Structural gradient tensor and stratigraphic continuity attributes are integrated to delineate cave–pore boundaries. They also reveal the spatial distribution of fracture–cavity units. RGB fusion is applied to identify large fractures. This approach integrates coherence, maximum curvature, and variance attributes. It substantially enhances the clarity and continuity of fracture imaging. In the study area, fracture–cavity units exhibit discontinuous spatial patterns. Connectivity is governed by large-scale faults and dense fracture networks. Ant-tracking and fracture simulation techniques are employed to identify fracture development zones. They are also used to characterize the connecting channels between fracture–cavity units.

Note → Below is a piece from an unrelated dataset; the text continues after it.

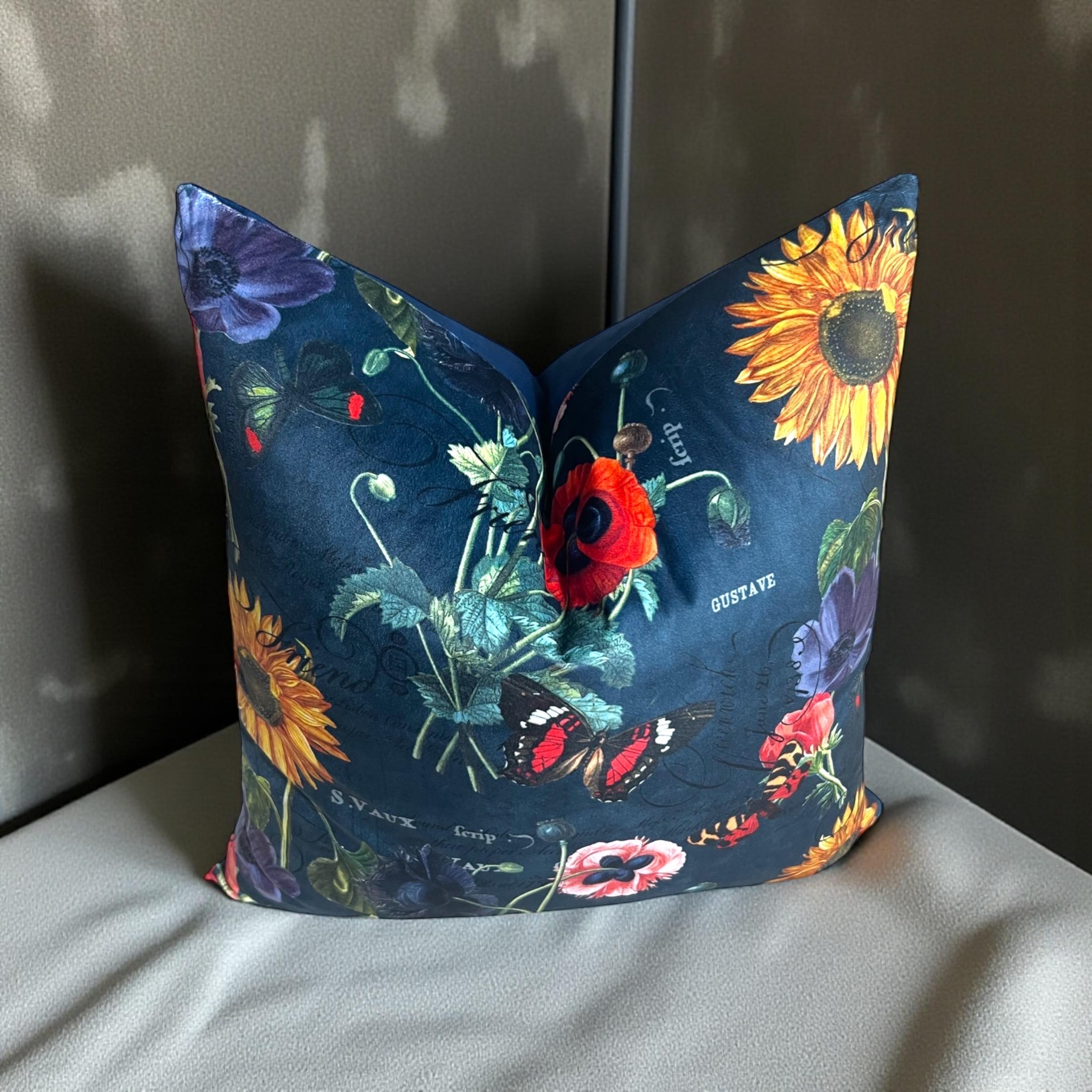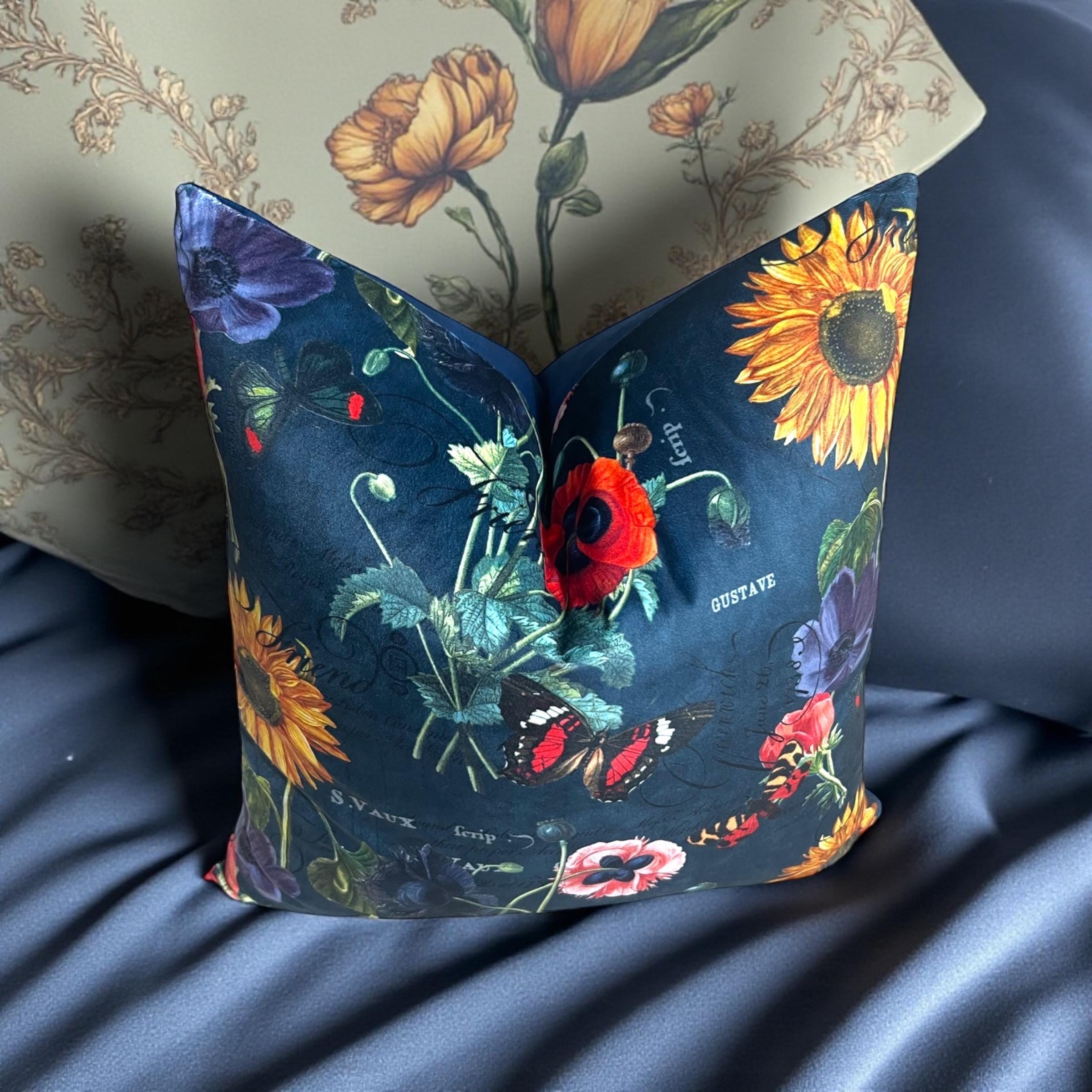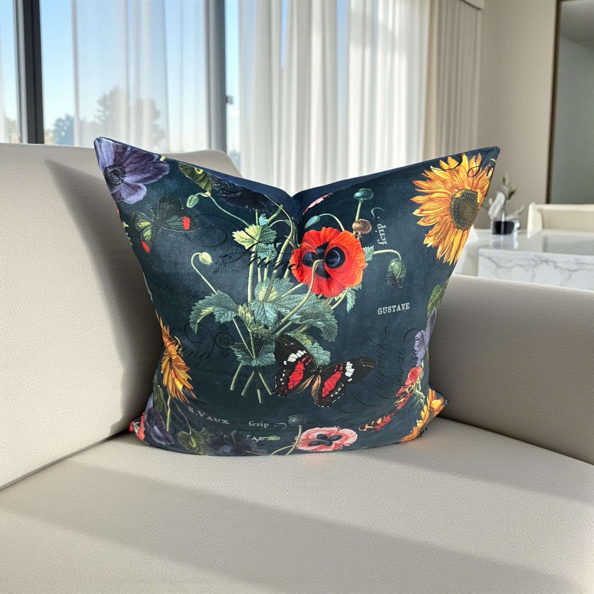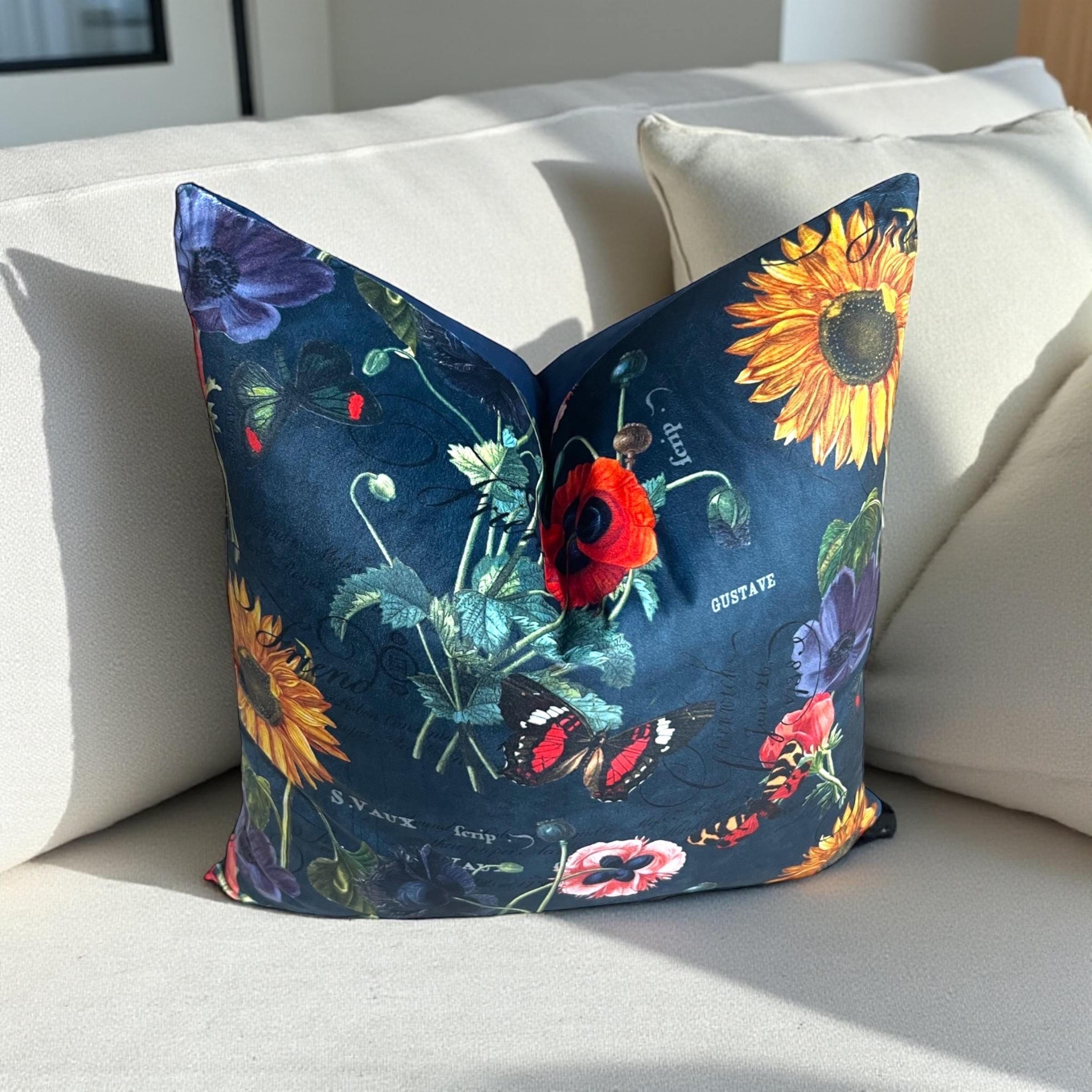 Handmade from premium Italian digital print velvet, this luxury pillow cover features rich botanical artwork on a deep ink blue background. The design showcases dramatic sunflowers, florals and elegant script details, creating a sophisticated statement piece for refined interiors.

Three-dimensional spatial carving technology is employed to visualize fracture–cavity units and associated fractures. This method effectively reveals the internal spatial structure of the reservoir. It also shows the organization of fracture–cavity systems. In the S91–TK725–TH10222XK well group, fracture–cavity units exhibit discontinuous distributions. They are intersected by extensive fracture systems and dense fractures. These fractures form a network that interconnects the fracture–cavity units. This network establishes potential static connectivity channels.
Production dynamic data from the S91–TK725–TH10222XK well group confirm interconnectivity. They also validate effective displacement pathways during production. These dynamic responses corroborate the static characterization of potential connectivity within the fracture–cavity reservoir. The consistency between dynamic and static results further reinforces the reliability of the connectivity analysis.
This study conducts a regional connectivity analysis across the study area. The area is divided into multiple connected well groups. This approach reduces the cost of acquiring production data from individual wells. It also provides a geological basis for optimizing fracturing and injection–production operations. Additionally, it supports prediction of the distribution of remaining oil.